IM: Have you ever considered yourself to be a New Age musician?

MD: Haha! By default I am, because I’ve got literally the sounds of the planets. When you listen to these recordings, of space for example, it sounds like ancient Indian music with its notes and stuff. And again, I’m using an Indian drone in this piece of music now. And you just wonder, what do the ancients know? They all talked about the music of the spheres. Now we’ve actually recording them in the 20th century. And it’s musical! Absolutely. I’ve read a lot about quantum physics; if you look at quantum physics now, again this is something that has just blown my mind, matter is really solid energy held in different vibratory states basically. Vibratory states’ frequencies sound—it’s all there, everything in the universe is a different note, or frequency. Each different molecule, each different particle of matter has its own frequency, or set of frequencies. And that’s what we’re learning from quantum physics. So again, just to bore you further about this, one of the things I’ve found out that’s just blown me away—there’s a professor of astronomy at Virginia University. He’s analyzed cosmic background radiation, do you know that it’s the fuzz we hear on radios? And that’s an echo of the Big Bang from when light formed, which was 400,000 years after the Big Bang. He’s analyzed the Big Bang sound because we have these satellite pictures of cosmic background variations and he’s found that, like the Earth’s atmosphere, there’s a set of resonant frequencies in cosmic background radiation, and if you bring it up 50 octaves it’s a chord. So I now have the chords of the Big Bang.
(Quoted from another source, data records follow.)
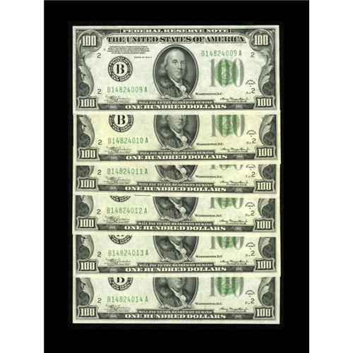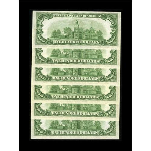 <B>Fr. 2153-B $100 1934A Mule Federal Reserve Notes. Cut Half Sheet of Six. Choice Crisp Uncirculated.</B></I><BR>A fresh and attractive run of six pieces making a cut half sheet. The Oakes catalogue value here is $325 per note in CU.
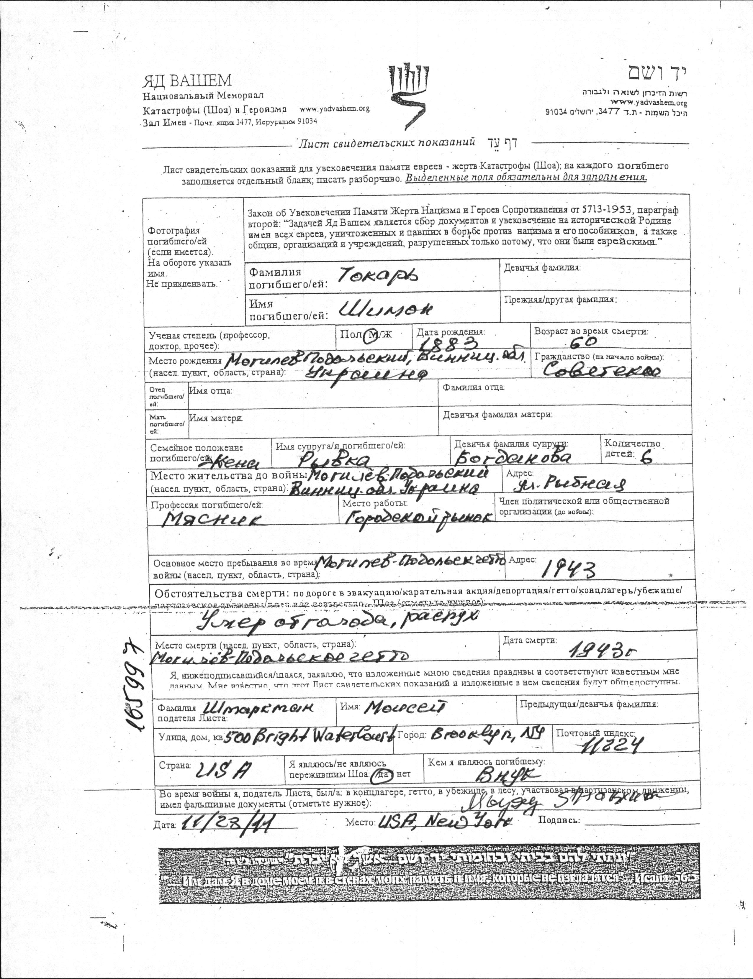 Шимон Tokar wurde im Jahr 1883 in Mogilev Podolski, Ukraine (UdSSR) geboren. Er war Metzger/-in und mit Ryvka, geb. Bogdanova Verheiratet. Vor dem Zweiten Weltkrieg lebte er in Mogilev Podolski, Ukraine (UdSSR). Während des Krieges war er in Mogilev Podolski, Ukraine (UdSSR).
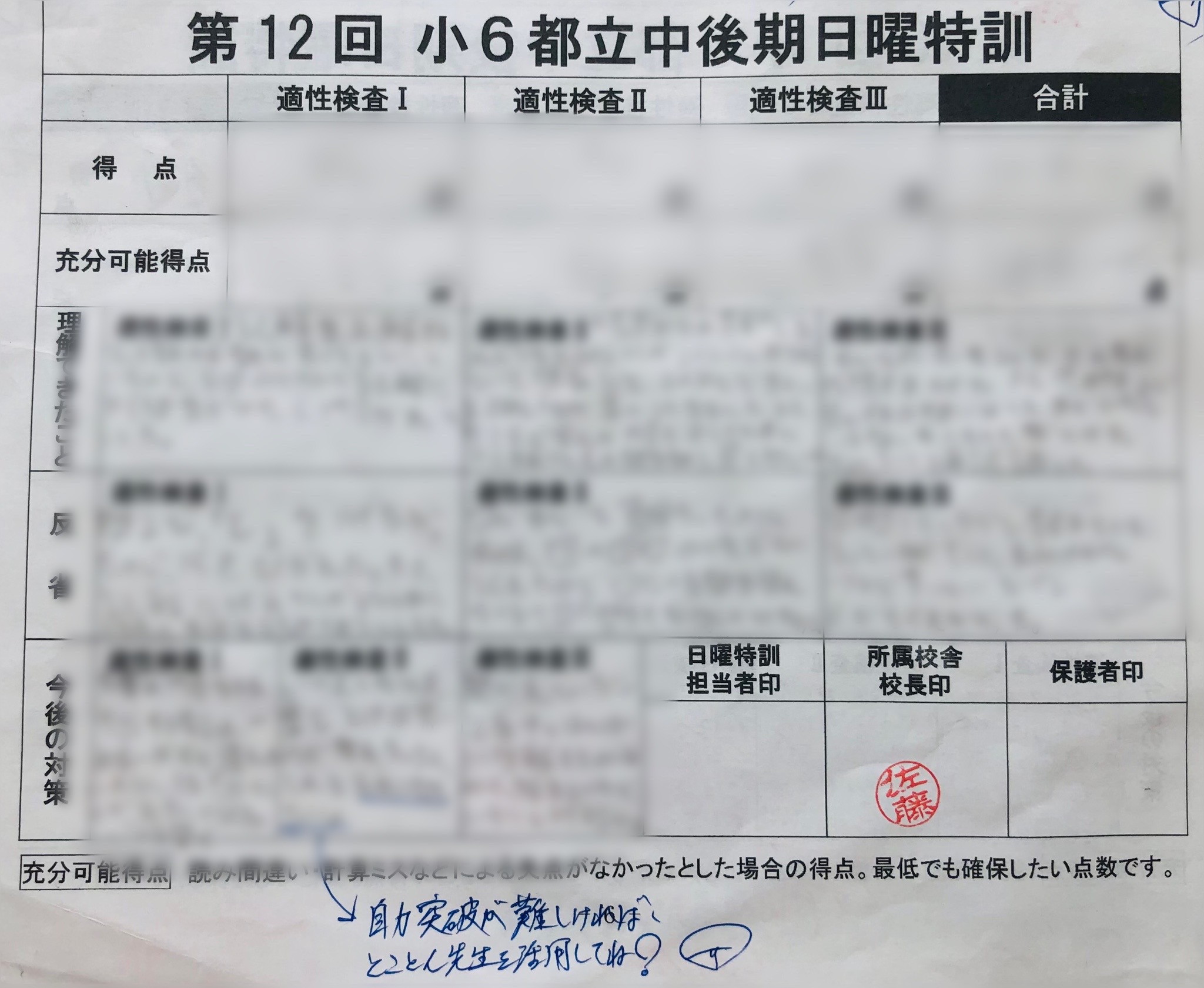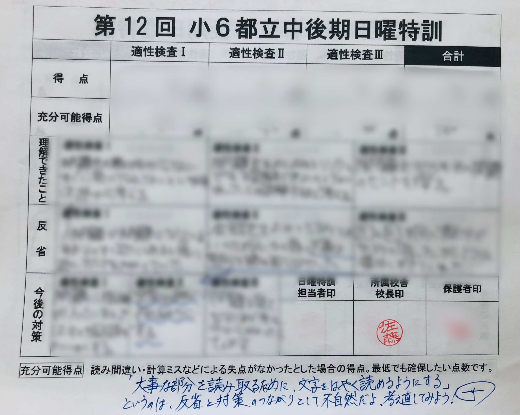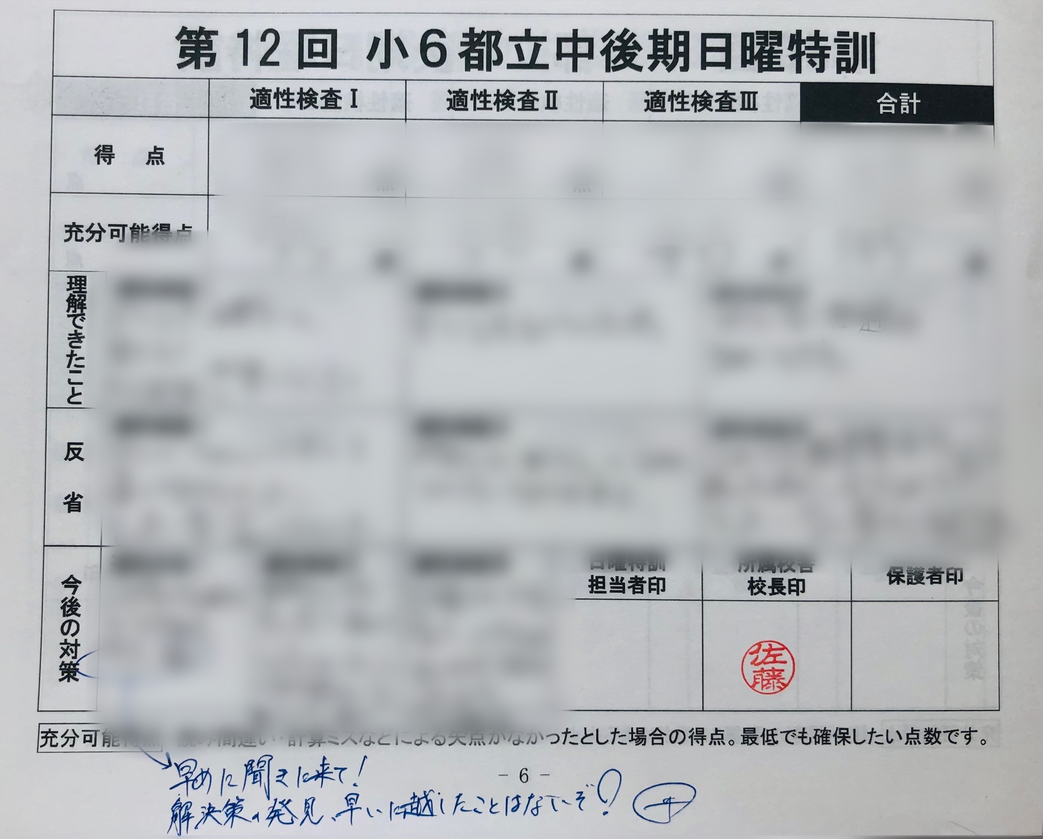 こちらのブログで、小学6年生の後期日曜特訓に関するお話をさせていただきました。
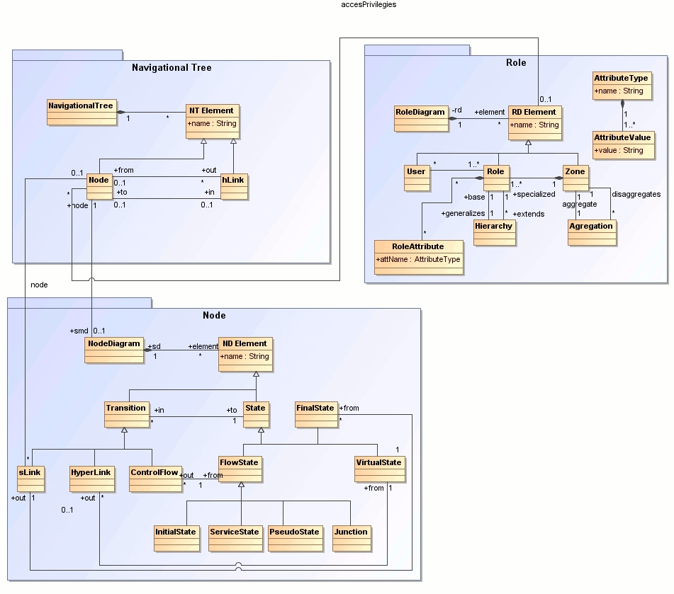 Finally, we can mention the different relations between the three metamodels. The node element in the Navigational Tree has an association with NodeDiagram (node metamodel) meaning that for each node there exist at most one NodeDiagram. Node also has an association with sLink (node metamodel) since it is possible to assign a soft link transition to any node of the tree as a final state of a node diagram. The association between node (navigational tree metamodel) and RD Element (role metamodel) indicates the level of accessibility of each node of the tree (zone, role or user).
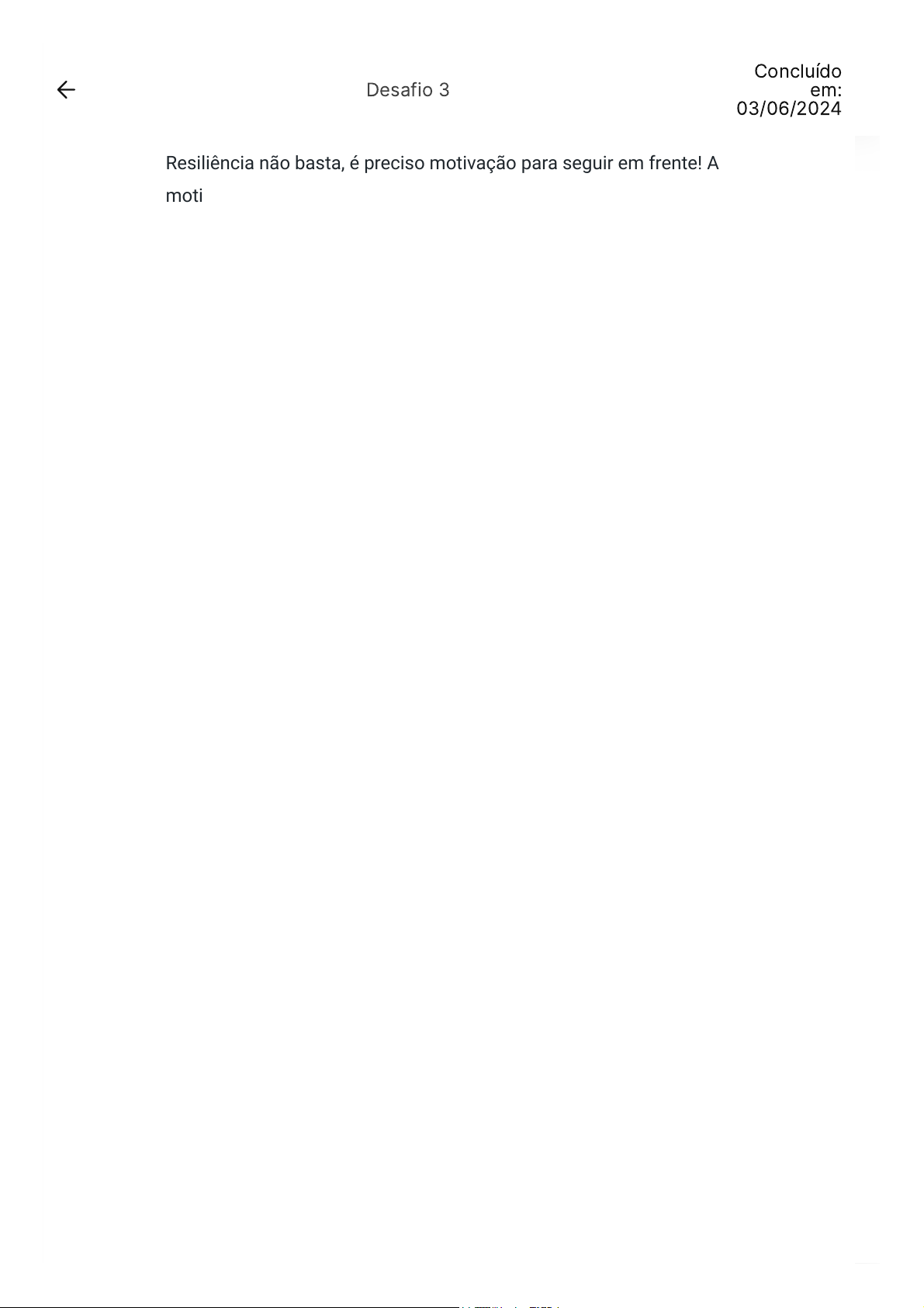 Letras - Língua Portuguesa - Licenciatur... M Olá MARIA ARAUJO Desafio 3 Concluído em: 03/06/2024 Resiliência não basta, é preciso motivação para seguir em frente! A motivação é a força que está por trás de nossas ações. Essa força tem origem em nossos desejos, nossas necessidades fundamentais, necessidades psicológicas e recompensas buscadas. Explicando melhor, nossos desejos representam anseios pessoais, nossas necessidades refletem elementos essenciais para o nosso bem-estar, e as recompensas são os incentivos que buscamos. Ainda que de forma não consciente, a relação entre todos esses aspectos influencia nossas escolhas e nosso comportamento. Mas sabemos que na vida concreta é muito difícil equilibrar todos os pratos que compõem a motivação. Por exemplo, às vezes conquistamos o emprego que nos oferece boa remuneração, garantindo necessidades fundamentais, mas não traz motivação relacionada às nossas necessidades psicológicas. Ou vivemos situação contrária: somos motivados psicologicamente em uma função, mas não recebemos a remuneração que garante a segurança financeira. Nem sempre podemos ter tudo o que queremos e precisamos! Por isso, entender como esses fatores exercem pressão em nossa vida é essencial para ter a motivação direcionada para o crescimento e a realização pessoal. Quando nos conhecemos, podemos fazer escolhas mais acertadas, com mais chances de sustentarmos no longo prazo e com mais qualidade de vida. É hora de entender a sua motivação! Ir para o mapa 04/06/2024, 00:23 Sala de Aula | Estacio https://estudante.estacio.br/formacao-socioemocional/6617c69d57ebcb8a029500c0/2/660ec36d585f6a9aa3253680?p1=1&p2=1&p3=1 1/1 https://stecine.azureedge.net/repositorio/00212hu/46863/pages/conectar/desafio03/mapa.html

IM: That’s incredible. That is mind-blowing.

MD: So therefore, you can use acoustical physics to look back to the start of the universe. Now you know there’s a chord which was formed 400 years after the Big Bang. You can use a different type of physics completely to look back in time. And I’m reading all this; I’m just thinking, “My brain is not big enough.”

IM: That’s incredible. So on Day One, God produced a chord.

MD: Yes. It’s the day where he said, “Let there be light.” The early universe was a quantum flux and then it cooled down enough that 400,000 years after the start of the universe for light to appear. So light appeared really quite suddenly. I find so many links with nature and the universe and frequency and energy—and it’s all completely connected. Each particle in the universe is communicating with everything else simultaneously faster than the speed of light. It shows you that the universe, and again we’re proving this scientifically, is communicating with everything simultaneously.

IM: I was just thinking while you were talking that, at least in organism studies, people take recordings of a species and take recordings of a similar species and use the wavelengths to differentiate one organism from another organism. They use this in a way of showing this is a different kind of cricket than this kind of cricket; they’re two different things. But I don’t actually know of anybody who’s recording the notes of nature as a means of analyzing the world. People are taking the recordings themselves and looking at the waveforms.

MD: Well, I suppose I do that as a musician. That’s what excites me. That’s part of the shock. Everything’s musical—what a shock.

IM: You could publish that. It’s totally a scientific paper.

MD: You’d have to show me how to do that, haha.

IM: Yeah, you really could. I’d be glad to help. The paper could be something funny like “Where the A Notes Are”.

MD: Well, I suppose I’ll start straight away.

IM: Well, it was very good talking to you and, can you think of anything else that we’ve missed?

MD: Covered most of the ground, most of the universe now so—

IM: From the Big Bang all the way to the modern times, haha.